Computer command line parameter is:
./tdmr?extend-t?8-c?CG?YH.cout/chr$i.cout?imr90.cout/chr$i.coutoutfile/CG/chr$i.CG>outfile/CG/chr$i.CG.ext;echo?extend?done;
Parameter-t represents in program run, the CPU number that use,
Parameter-c represents the form (have three kinds optional, CG, CHH, CHG choose CG here) of cytosine(Cyt) C.
Output result: through totally 279004 of the tDMR after extending
Preceding 10 row of output file form are as follows:
Table 3
Back 8 row are as follows:
Table 4
The 3rd step: candidate tDMR is filtered
Based on filtration condition candidate tDMR is filtered, filtration condition comprises: (1) FDR<=0.05; The average coverage in the tDMR zone that (2) obtains is greater than 20 reads; The coverage of the CG site single-point that (3) obtains is greater than 10 reads; (4) accuracy of sampling with replacement assay being carried out in the CpG site among the tDMR that obtains will be more than 95%.

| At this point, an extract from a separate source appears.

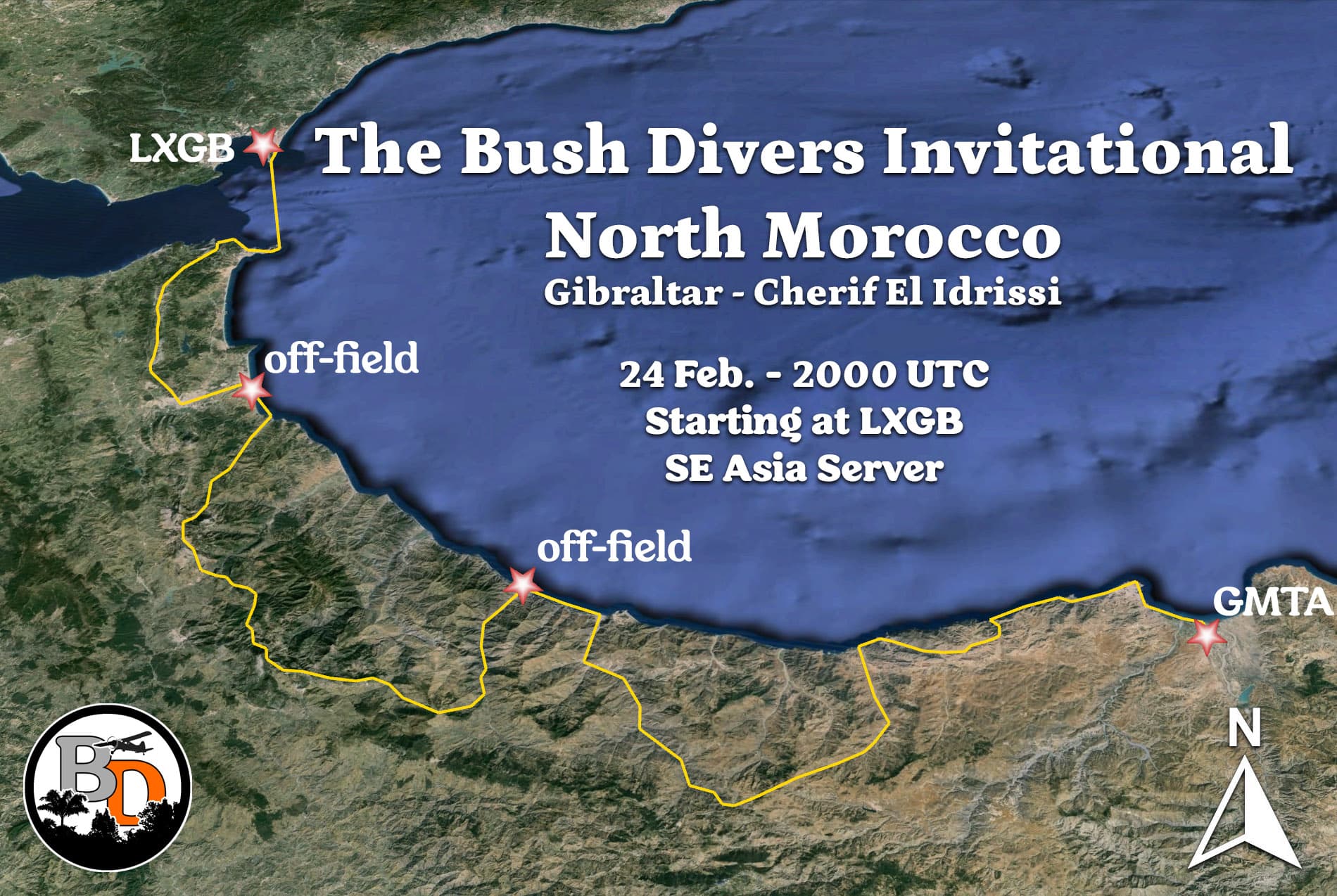 To join: just turn up at the starting airport in a suitable aircraft, MSFS multiplayer on, name tags on, and join the Discord “The Bush Divers Invitational” voice channel. You can load the flight plan if you like, or just follow the group.

Utilizing order under the linux to finish filters tDMR:
sort-k?2-n?outfile/CG/chr$i.CG.ext?|awk′\$16>0.95{a=\$1;for(i=2;i<16;i++){a=a\″\t\″\$i}{print?a}}′|uniq>outfile/CG/chr$i.CG.ext.filter;echo?filter?done″
Output result: obtain 36924 tDMR at last altogether through filtering.Dependency checking through tDMR and genetic expression relation is about to all genes that occur and finds in tDMR, whether the exploit information analytical procedure finds the relation of gene expression amount and the rate of methylating identical with known relationship, and statistics gets final product.The tDMR accuracy rate that present method finds can be more than 85%.
Totally 15 be listed as:
Preceding 8 row of output file form are as follows:
Table 5
Back 7 row are as follows:
Table 6
In above-mentioned application examples, determined the methylation state in each CpG site on the full genome, Kai Fa tDMR software can be analyzed two order-checking samples on full genomic level on this basis, find out simply, fast and organize the differences zone that methylates, improve detection efficiency greatly, reduced cost.Above-mentioned processing can divide the karyomit(e) parallel running on full genome, thus raising speed and efficient, the present invention divides the karyomit(e) parallel running on full genome, can further improve speed and efficient, and speed is fast, the efficient height.
Description of the invention provides for example with for the purpose of describing, and is not exhaustively or limit the invention to disclosed form.Many modifications and variations are obvious for the ordinary skill in the art.Selecting and describing embodiment is for better explanation principle of the present invention and practical application, thereby and makes those of ordinary skill in the art can understand the various embodiment that have various modifications that the present invention's design is suitable for specific end use.